I am currently using Google Vision API in python to detect Chinese character in an image, but I found google will return python source code (Such as \xe7\x80\x86\xe7\xab\x91) instead of some human-readable string.
How can I convert it to human-readable text with utf-8 format?
Thanks all of your answer, may be I post my code is more easily for all of you.
Here is my code, basically I try to convert the whole json return from GOOGLE Vision and save in a json file, however, it hasn't success.
try:
code = requests.post('https://vision.googleapis.com/v1/images:annotate?key='+GOOGLE_API_KEY, data=params,headers=headers)

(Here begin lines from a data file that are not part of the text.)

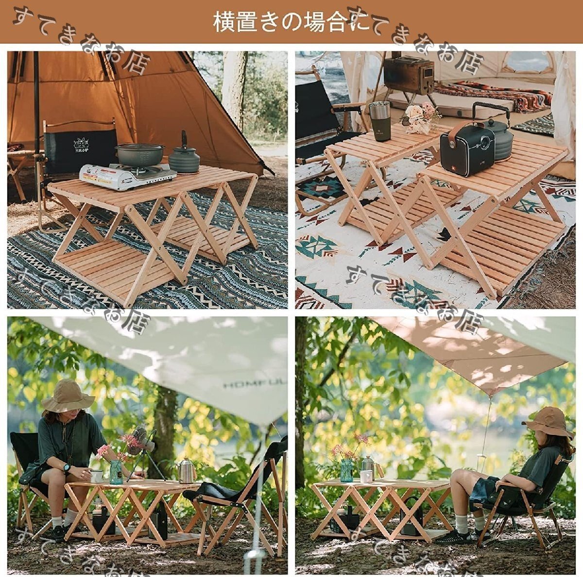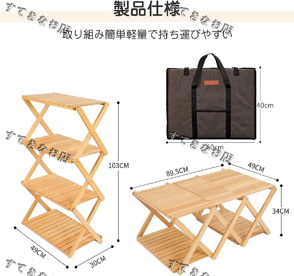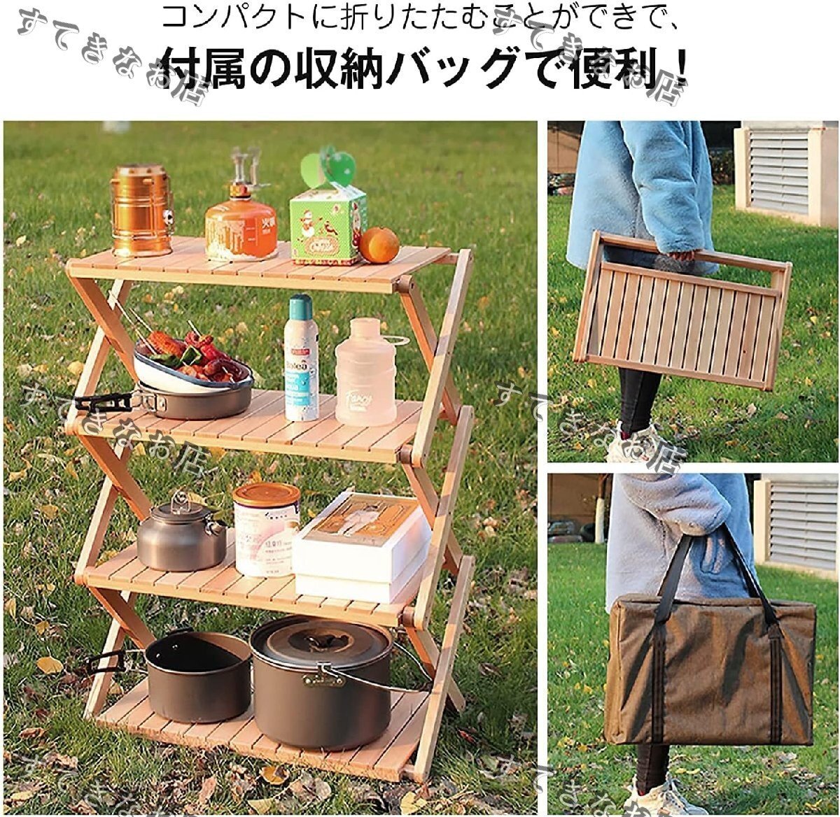 キャンプ 折り畳み式木製ラック アウトドアラック 4段式 折りたたみラック 軽量 キャンプ 棚 両用 コンパクト 天然ブナ 収納棚 キャンプ用
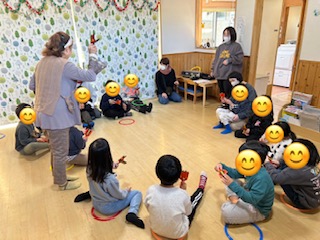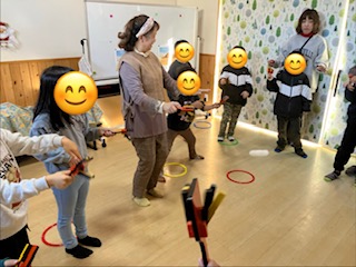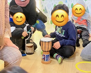 その後も鳴子を鳴らしながら体を動かしてみたり、くるみ割り人形の音楽に合わせて合奏してみたり普段触ることのない楽器に触れてみたり、聞いたことのない音を聞いたりと素晴らしい体験をさせてもらいました!
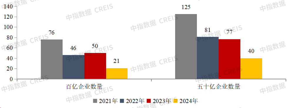 图:2021年至2024年1-3月百亿、五十亿房企数量
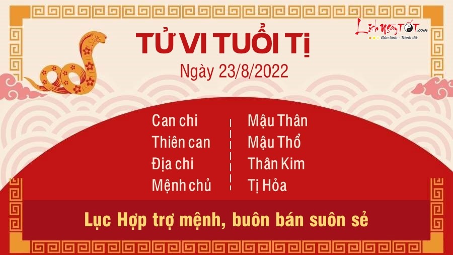Tuổi Tị có thể đón nhiều niềm vui về tiền bạc nhờ Lục Hợp che chở. Việc buôn bán kinh doanh như được tiếp thêm nguồn sinh khí mới khi bạn đã nắm bắt được biến động thị trường để kịp thời điều chỉnh. Bạn đang có lợi thế dẫn đầu so với đối thủ đấy, nên tận dụng cơ hội này. Chẳng những vậy, Thiên Ấn cũng giúp công danh sự nghiệp của con giáp này rộng mở hơn. Nhờ chính sự thông minh, khoan dung của bạn đã trở thành lợi thế chiếm được cảm tình của đồng nghiệp cũng như cấp trên, đạt được bước tiến mới quan trọng trong công việc của mình. Hỏa – Kim xung khắc nhắc nhở Tị nên nghiêm túc xem xét lại các mối quan hệ của mình. Bạn cần xác định mình đang tìm kiếm điều gì, những vấn đề trong các mối quan hệ trong quá khứ ảnh hưởng như thế nào tới bạn và liệu bạn đã sẵn sàng cho một mối quan hệ mới hay chưa.

resultText = code.text.encode("utf-8")
outputFileName = image_path.split('.',1)[0]
outputDataFile = open(outputFileName+".json", "w")
outputDataFile.write(json.dumps(resultText))
outputDataFile.close()
except requests.exceptions.ConnectionError:
print('Request error')
Thank you
t = '\xe7\x80\x86\xe7\xab\x91'
t = unicode('\xe7\x80\x86\xe7\xab\x91', 'utf8')
# Output: 瀆竑
More detailed information about Unicode in here.
I finally solve this by using the below code. Thanks all of you
try:
code = requests.post('https://vision.googleapis.com/v1/images:annotate?key='+GOOGLE_API_KEY, data=params,headers=headers)
resultText = json.loads(code.text)
outputFileName = image_path.split('.',1)[0]
with open(outputFileName+".json", "w", encoding='utf8') as f:
json.dump(resultText, f, ensure_ascii=False,indent=4)
f.close()
except requests.exceptions.ConnectionError:
print('Request error')
I assume you mean you have a literal string like \xe4\xb8\x89 and you want to convert this into the character 三.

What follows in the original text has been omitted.